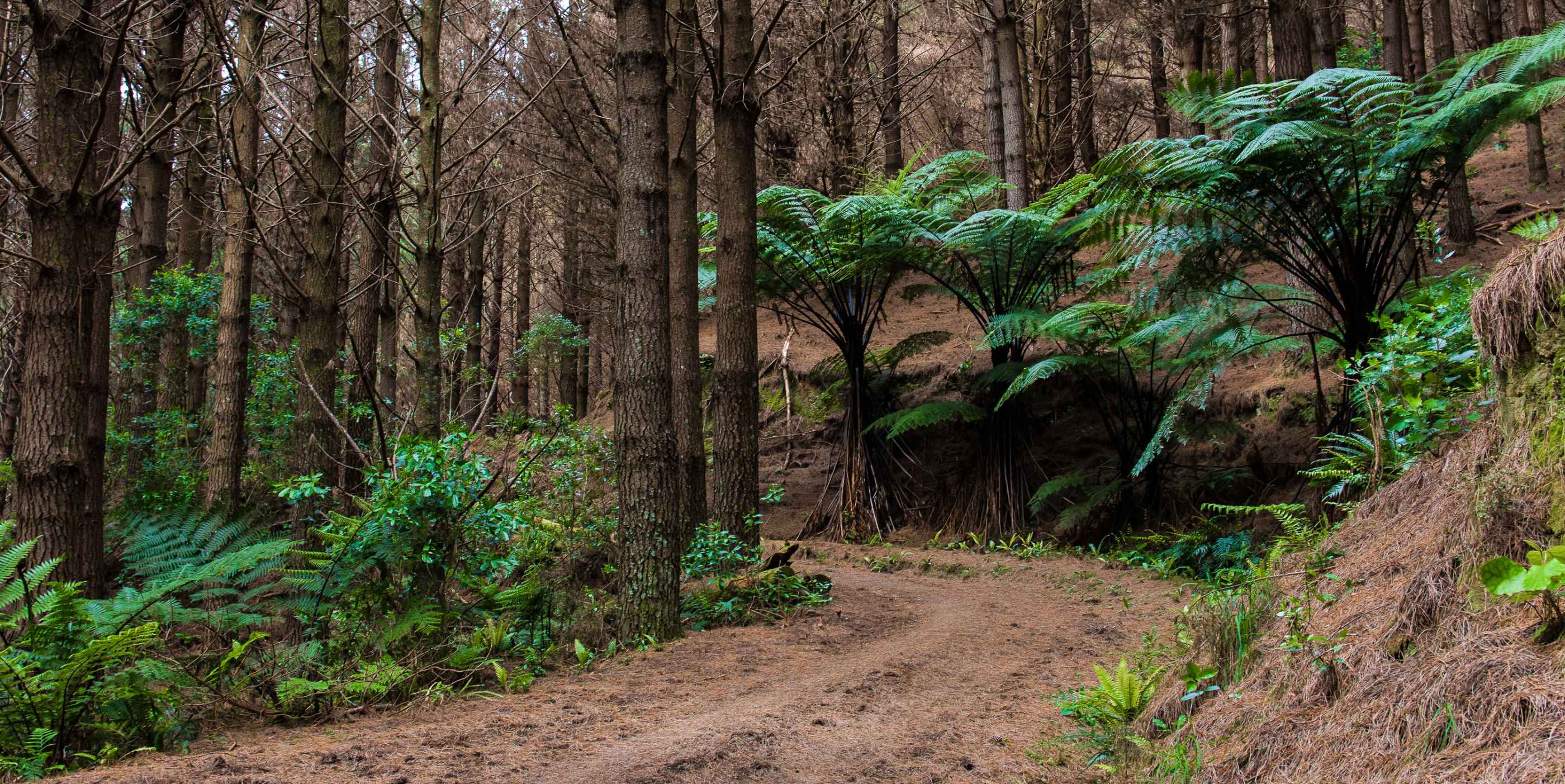 La voilà, la forêt de pins ! Un peu dégarnie quand on y était, mais les fougères géantes étaient là pour habiller un peu tout ça ! Le chemin grimpe gentiment, tout en douceur pour te permettre de ne pas suer comme un phoque et avoir une conversation avec ton compagnon de l'aventure - si t'en as un.
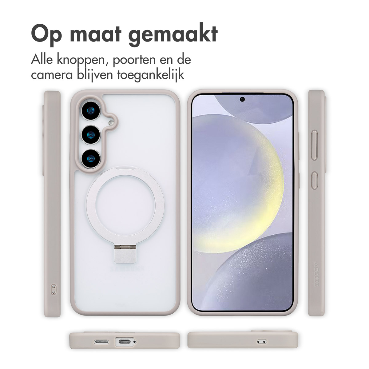 Accezz SH00081222. Type d'étui: Housse, Compatibilité de marque: Samsung, Compatibilité: Samsung Galaxy S24 Plus, Taille maximale de l’écran: 17 cm (6.7"), Coloration de surface: Monochromatique, Couleur du produit: Gris, Support de bureau
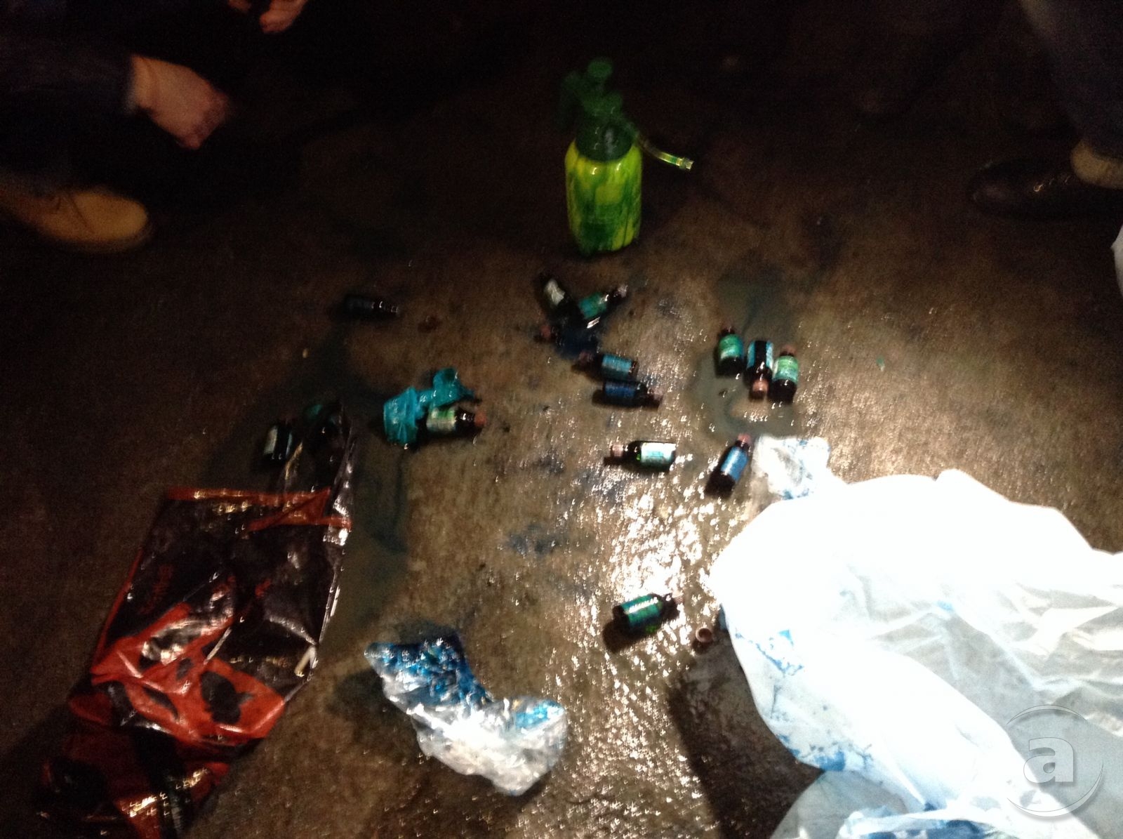 Одному із зловмисників вдалося втекти, при цьому він викинув пакет, в якому знаходилося близько 15 бульбашок зеленки і пластикова пляшка з пульверизатором. Ще одного нападника затримала міліція.
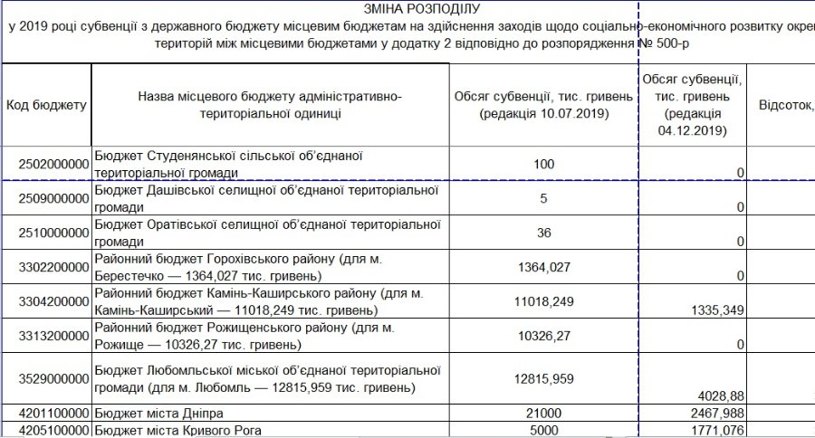 Як йдеться на сайті АМУ, 4 грудня на засіданні уряду внесли зміни до розпорядження Кабінету Міністрів від 10 липня 2019 року № 500-р, якими змінили розподіл субвенції між місцевими бюджетами на соціально-економічний розвиток та зменшили на 1,7 млрд гривень її загальний обсяг. Тобто, громадам розподілили 790 мільйонів із запланованих 2,5 млрд гривень.
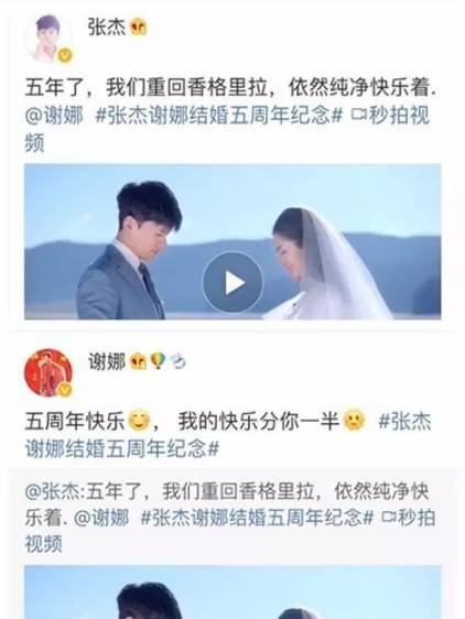 2016年9月26日,张杰谢娜结婚5周年,两人重回香格里拉,还原了他们最纯真的感情
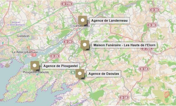 La Maison Funéraire "les Hauts de l'Elorn" se trouve sur le commune de Dirinon, au Stum. Elle est au carrefour des communes de Landerneau, Dirinon, Daoulas et Saint Urbain. En prenant la direction de la maison funéraire, vous allez arriver sur le carrefour giratoire du Stum à Dirinon, il faut alors prendre la direction de Saint Urbain, poursuivre sur environ 100m et vous y serez.
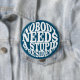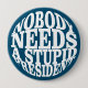 Objektets motiv visar en vit bakgrund med svart, fetstilt text i stort brev. Texten lyder: "INGEN BEHÖVER EN STUPID PRESIDENT" Utformningen är enkel och direkt, med ett starkt, blockerat teckensnitt som förmedlar budskapet tydligt.
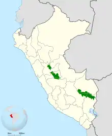 The Peruvian piedtail has a discontinuous distribution in central and southeastern Peru. It occurs in the east Andean foothills of Huánuco, Pasco, Cuzco, and Puno departments. It inhabits the interior of primary and secondary forest. In elevation it is most numerous around 1,000 m (3,300 ft) but ranges between 750 and 1,500 m (2,500 and 4,900 ft).[5]
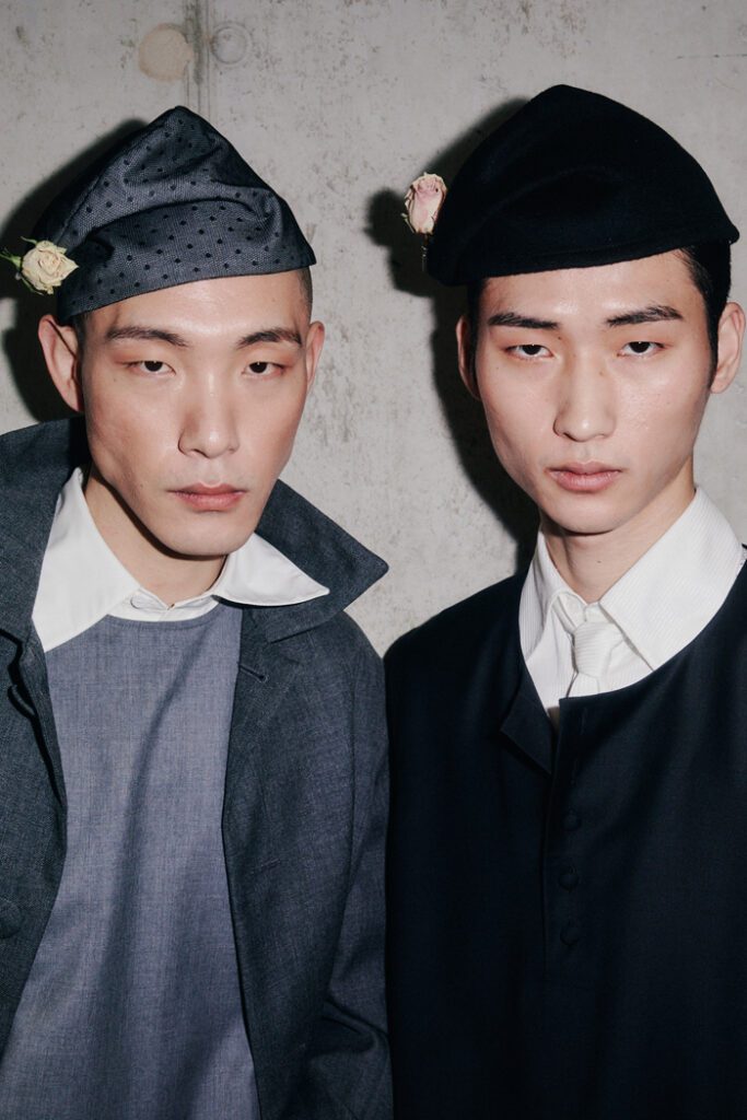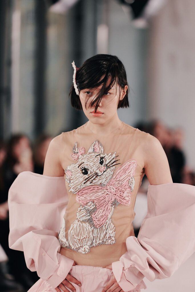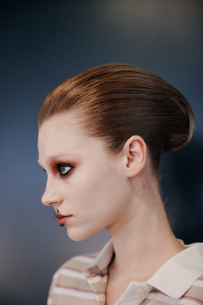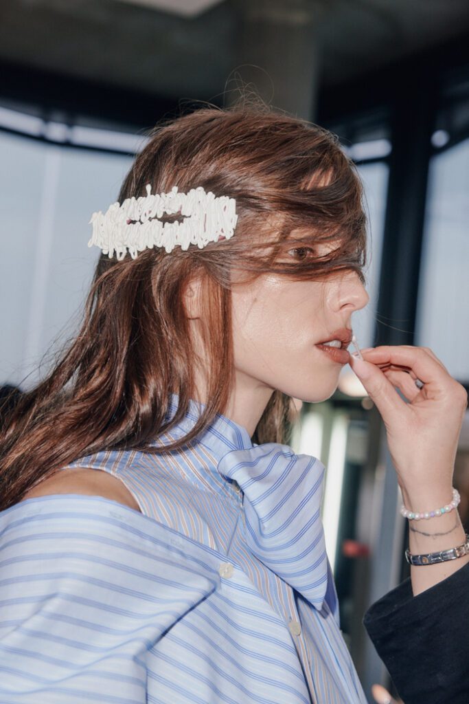 In Bezug auf die Silhouetten wurden Klassiker auf typische Orange Culture-Art neu interpretiert – mit kindlicher Verspieltheit, Eigenwilligkeit und dem charakteristischen androgynen Geist der Marke. Zu den Highlights zählten die Print-Pieces, von Hand bestickte Looks und neu interpretierte klassische Silhouetten. Auch im Haardesign von Alexander Dinter und seinem Team von Stylist:innen spiegelte sich die Vielfalt der Modelle und ihrer individuellen Typen wider.
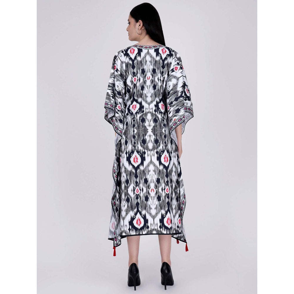 First Resort by Ramola Bachchan Black Ikat Print Mid Length Kaftan
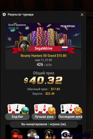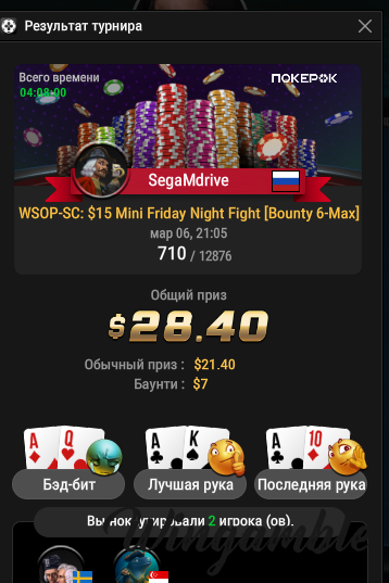 serdgino Опубликовано 13 апреля, 2025 Автор Опубликовано 13 апреля, 2025 Всем привет! не плохо покатал вечерком на покерке , а то всё в одну калитку, в турнире мистери за 15, не плохо зацепился, прошел такое килополе , стек был выше среднего и уже стал думать о финалке, выбил несколько игроков , золотого сундука правда не дали , самый большой был 150 баксов, но в конце турнира ,удача отвернулась от меня , все равно , я довольный результатом игры ,лег спать в 3 часа ночи! всем удачи! 2 3 Цитата
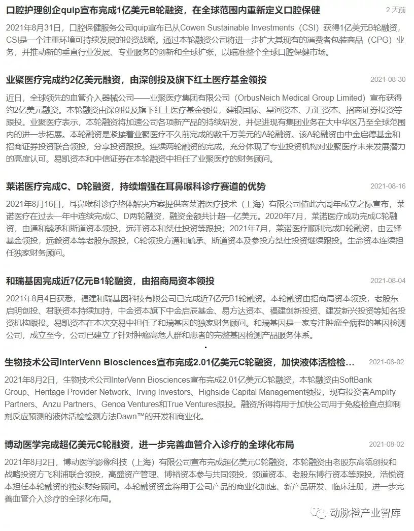 辅助类设备领域融资总额环比上升134%,口腔护理产品提供商quip在8月31日完成1亿美元融资,拉高该领域整体融资总额,通过本轮融资该公司将进一步扩大其现有的消费者包装商品(CPG)业务,并推动新的垂直行业发展、专业服务的创新和全球扩张,以瞄准整个全球口腔保健市场。
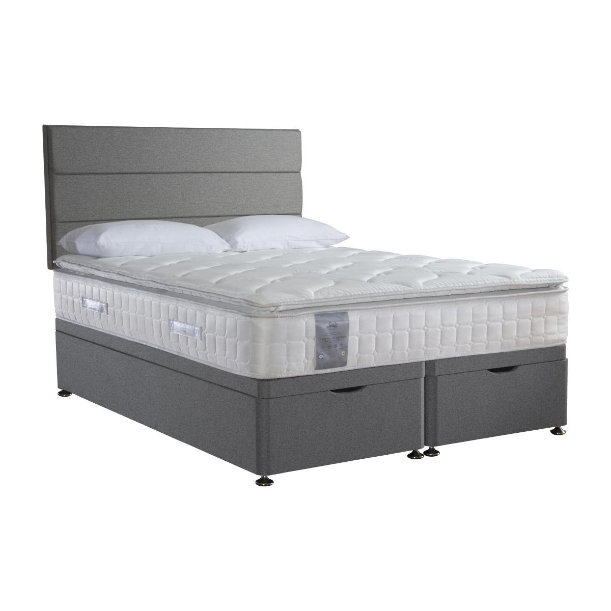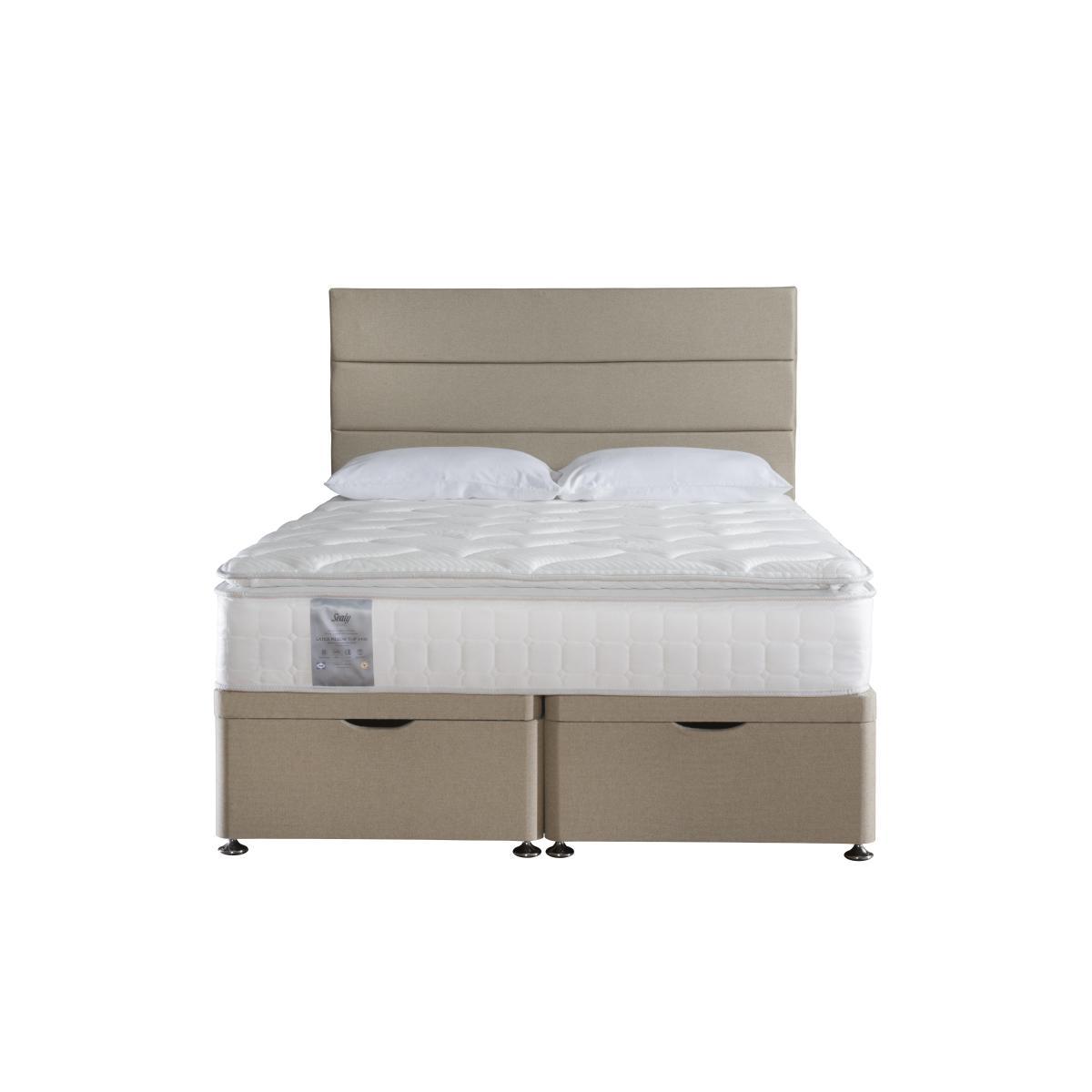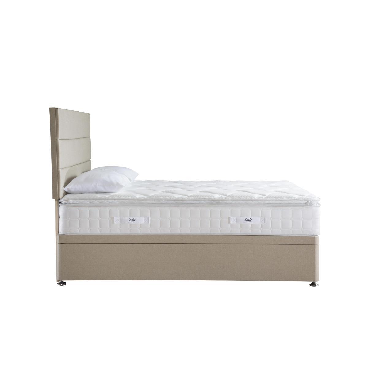 Comfort and convenience go hand in hand with the Sealy Latex Pillow Top 1400 range. Beautifully handcrafted in Britain, this collection includes a mattress, a divan base and mattress set, and an ottoman base with mattress. The mattress is finished with a soft and cushiony pillow top and features 1400 individually-responsive pocket springs in king size layered with equally responsive latex, a natural material which is hypoallergenic, anti-bacterial and anti-fungal. The upholstered platform top base is available with optional storage drawers in a choice of configurations or with roomy ottoman storage. The Sealy Latex Pillow Top 1400 range is exclusively available at Furniture Village. Headboard is an optional extra. Offering space-saving convenience and natural latex comfort, the Sealy Latex Pillow Top 1400 ottoman set is a superbly crafted divan set. The medium-feel mattress is 29 cm deep and has a pillow top for extra cushioning, and a soft knit cover. Individually-responsive pocket springs – 1400 in king size – are encased for edge-to-edge support. And layers of latex, a naturally anti-bacterial and anti-fungal material, promote a clean and fresh sleeping environment, as well as relieving pressure and improving posture. Smart Fibres, endorsed by Allergy UK, help regulate temperature and also combat dust mites. This divan set also includes an upholstered platform top divan base with spacious lift-up ottoman compartment, designed to solve all your bedroom storage needs. Handcrafted in Britain, the Sealy Latex Pillow Top 1400 ottoman set is part of the Sealy Latex Pillow Top 1400 range. A Furniture Village exclusive. Product images are representative. Find out more. Please note. The mattress should be aired for four hours after delivery to freshen and remove any aroma from storage. It may take time for your mattress to attain its full size once the springs have settled to the correct position. This is due to the mattress being upright during transit. Settlement of fillings and indentations caused by body weight compressing the fillings are natural and not considered defects. This can be minimised by regular rotating (unless yours is a dual tension mattress).
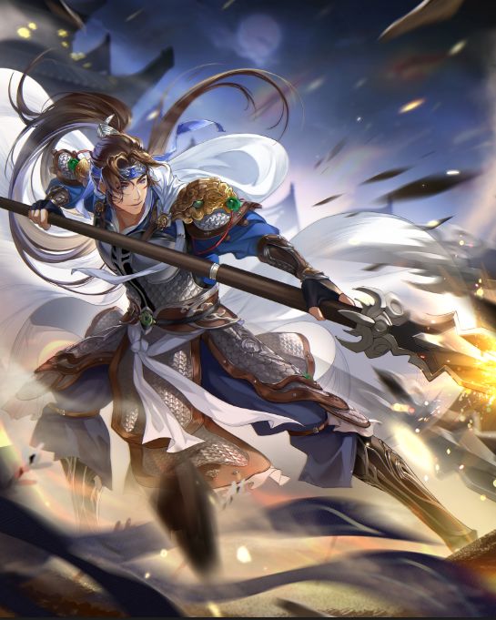 技略:对普攻目标及其周围小范围敌人,造成210%武力伤害。之后,自己获得20%最大兵力的护罩,持续30秒。

○ ○ ○

» What is being asked
In the material above, which lines fall between the one holding "Як йдеться на" and the one holding "2016年9月26日,张杰谢", inclusive? Print exactly those, with the pictures left out.

» Expected answer
 Як йдеться на сайті АМУ, 4 грудня на засіданні уряду внесли зміни до розпорядження Кабінету Міністрів від 10 липня 2019 року № 500-р, якими змінили розподіл субвенції між місцевими бюджетами на соціально-економічний розвиток та зменшили на 1,7 млрд гривень її загальний обсяг. Тобто, громадам розподілили 790 мільйонів із запланованих 2,5 млрд гривень.
 2016年9月26日,张杰谢娜结婚5周年,两人重回香格里拉,还原了他们最纯真的感情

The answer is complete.